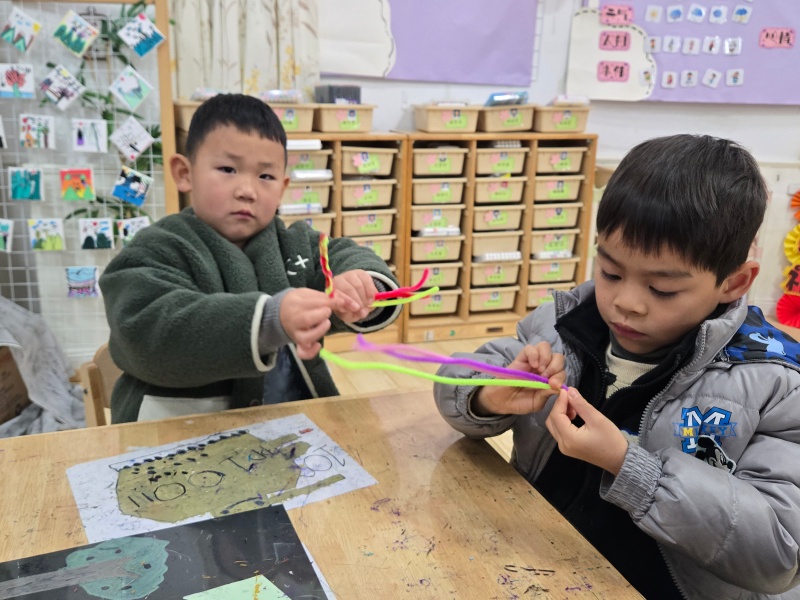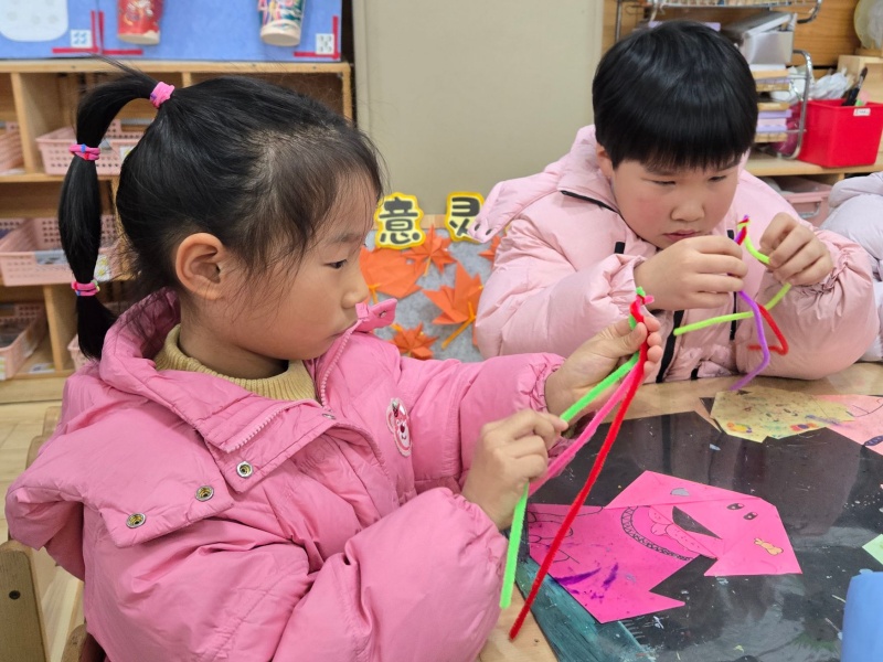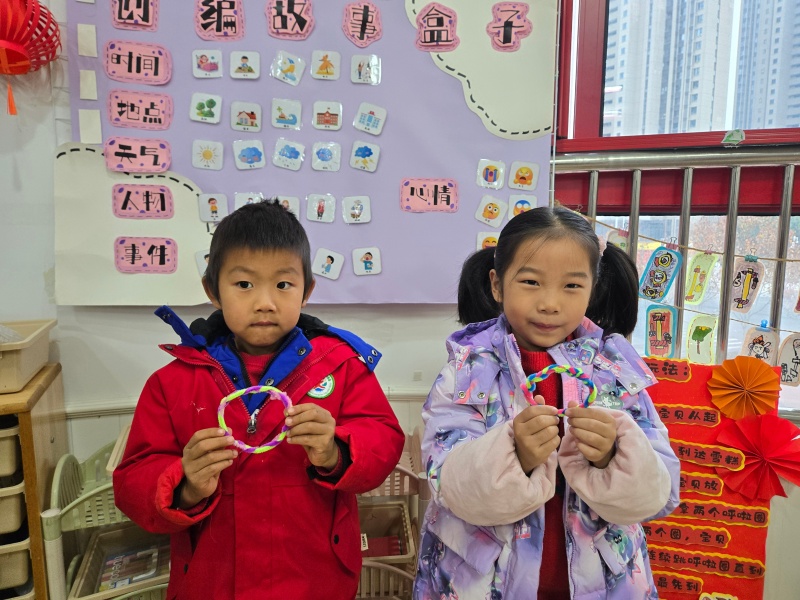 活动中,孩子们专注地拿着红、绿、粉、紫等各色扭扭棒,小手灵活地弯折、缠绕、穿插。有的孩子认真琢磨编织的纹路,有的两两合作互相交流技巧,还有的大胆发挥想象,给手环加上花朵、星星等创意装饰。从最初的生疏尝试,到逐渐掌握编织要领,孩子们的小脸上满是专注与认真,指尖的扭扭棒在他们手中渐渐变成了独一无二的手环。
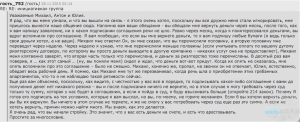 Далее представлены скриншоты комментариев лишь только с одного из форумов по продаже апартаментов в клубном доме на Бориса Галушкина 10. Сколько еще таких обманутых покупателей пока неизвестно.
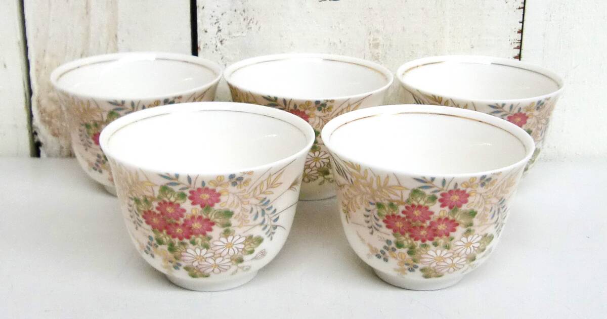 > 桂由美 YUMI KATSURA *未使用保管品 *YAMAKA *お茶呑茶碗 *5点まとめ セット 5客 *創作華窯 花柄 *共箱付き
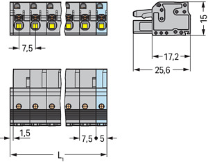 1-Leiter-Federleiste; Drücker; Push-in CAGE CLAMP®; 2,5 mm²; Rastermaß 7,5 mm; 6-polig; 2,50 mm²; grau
□ □ □ □
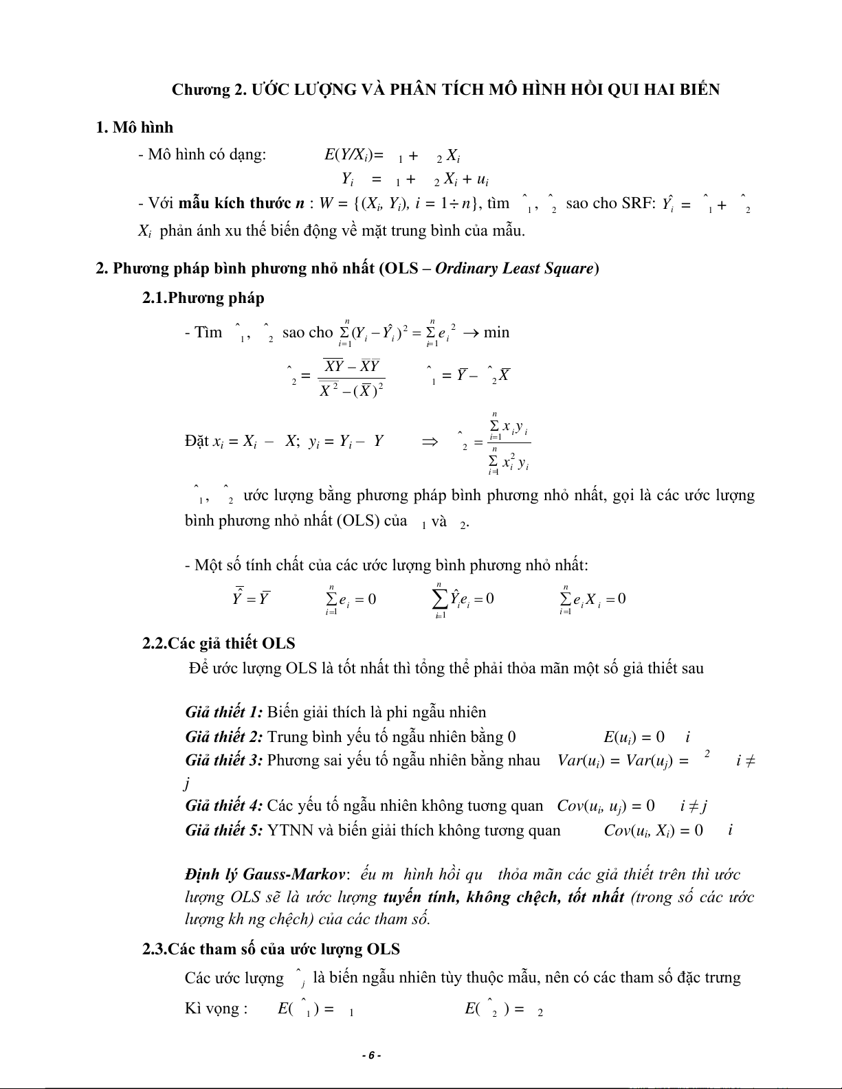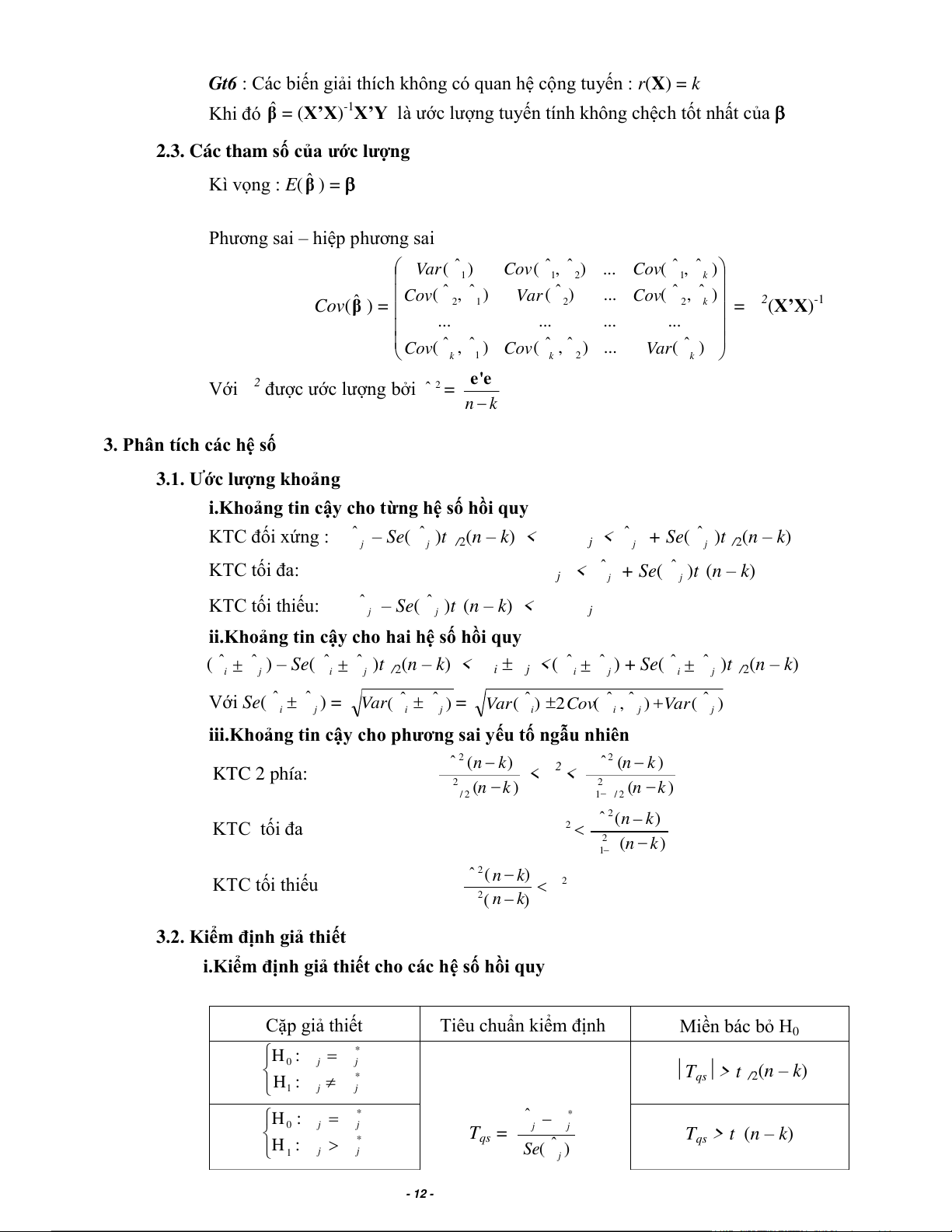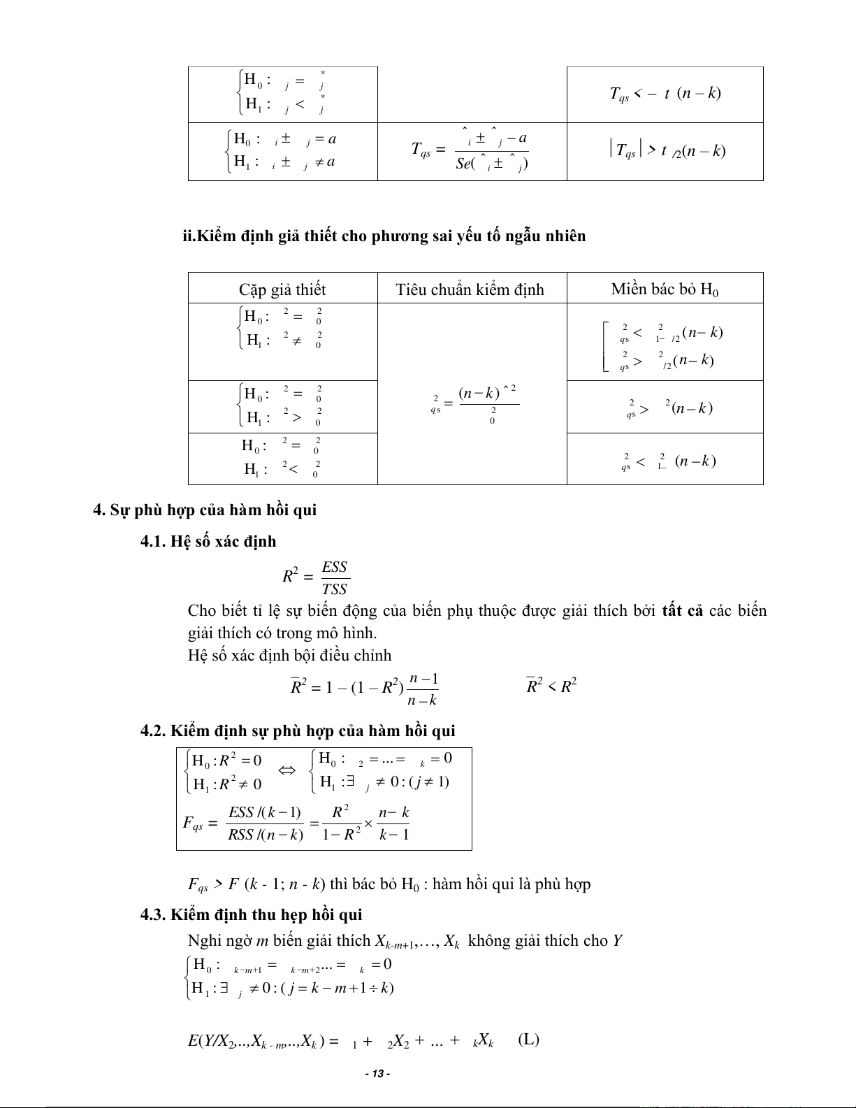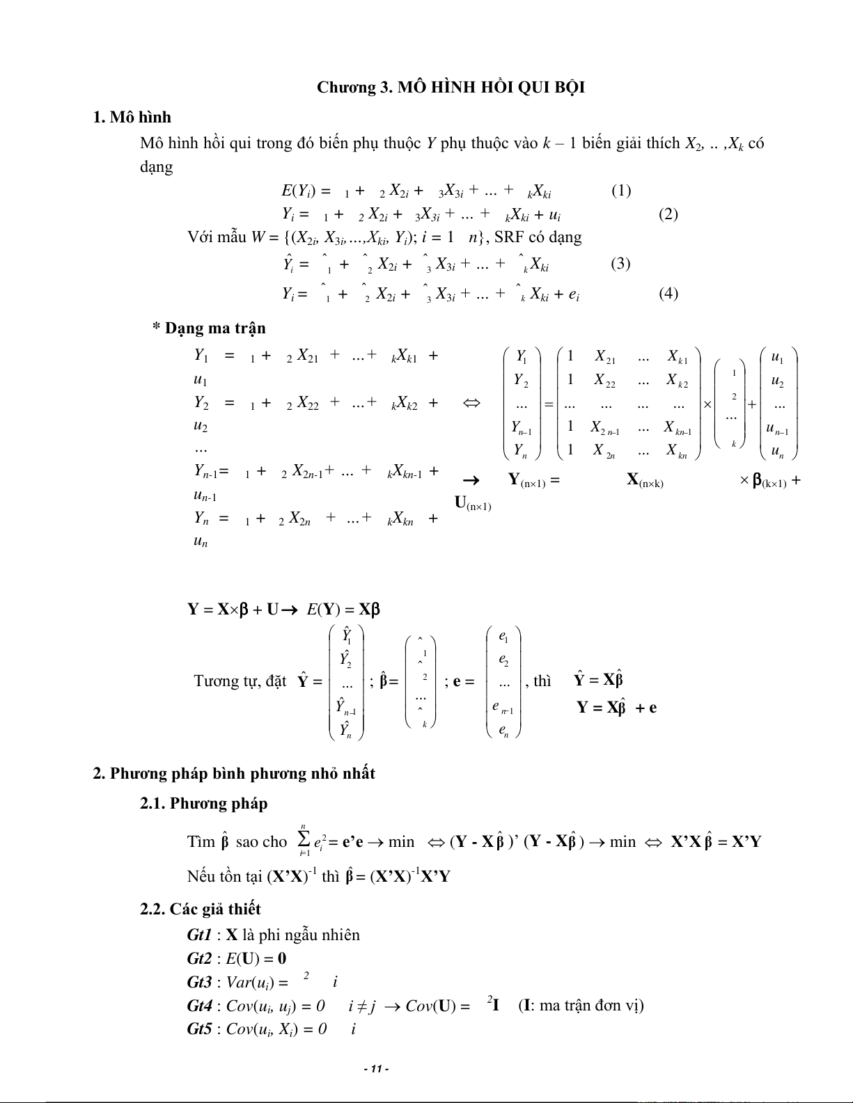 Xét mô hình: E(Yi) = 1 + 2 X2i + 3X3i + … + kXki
□ □ □ □
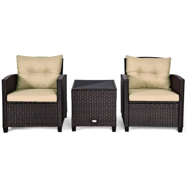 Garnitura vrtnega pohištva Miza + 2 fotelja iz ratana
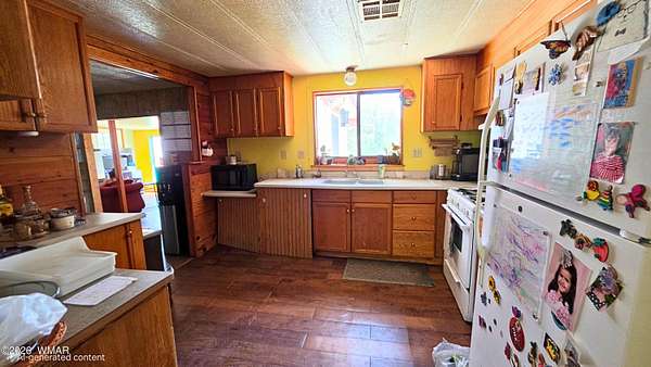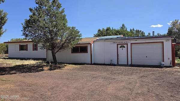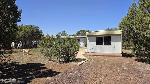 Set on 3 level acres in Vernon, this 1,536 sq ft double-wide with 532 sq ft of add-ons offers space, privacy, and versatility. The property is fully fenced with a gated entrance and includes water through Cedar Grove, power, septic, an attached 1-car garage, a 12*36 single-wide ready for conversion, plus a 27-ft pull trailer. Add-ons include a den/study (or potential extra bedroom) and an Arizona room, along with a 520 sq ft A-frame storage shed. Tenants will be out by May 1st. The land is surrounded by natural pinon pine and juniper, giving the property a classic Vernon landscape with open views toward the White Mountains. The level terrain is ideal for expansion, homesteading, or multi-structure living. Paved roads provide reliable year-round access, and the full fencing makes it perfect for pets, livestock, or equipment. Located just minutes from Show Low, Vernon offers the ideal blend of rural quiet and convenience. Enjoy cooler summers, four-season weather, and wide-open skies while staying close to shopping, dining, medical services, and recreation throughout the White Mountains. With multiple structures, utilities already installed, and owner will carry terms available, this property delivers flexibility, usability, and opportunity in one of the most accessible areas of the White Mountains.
□ □ □ □
■ **Required action**
Restate word for word every line from the one with "活动中,孩子们专注地拿着红、" up to and including the one with "1-Leiter-Federleiste; Drücker; Push-in" in the records above, minus the pictures.

■ **Exercise solution**
 活动中,孩子们专注地拿着红、绿、粉、紫等各色扭扭棒,小手灵活地弯折、缠绕、穿插。有的孩子认真琢磨编织的纹路,有的两两合作互相交流技巧,还有的大胆发挥想象,给手环加上花朵、星星等创意装饰。从最初的生疏尝试,到逐渐掌握编织要领,孩子们的小脸上满是专注与认真,指尖的扭扭棒在他们手中渐渐变成了独一无二的手环。
 Далее представлены скриншоты комментариев лишь только с одного из форумов по продаже апартаментов в клубном доме на Бориса Галушкина 10. Сколько еще таких обманутых покупателей пока неизвестно.
 > 桂由美 YUMI KATSURA *未使用保管品 *YAMAKA *お茶呑茶碗 *5点まとめ セット 5客 *創作華窯 花柄 *共箱付き
 1-Leiter-Federleiste; Drücker; Push-in CAGE CLAMP®; 2,5 mm²; Rastermaß 7,5 mm; 6-polig; 2,50 mm²; grau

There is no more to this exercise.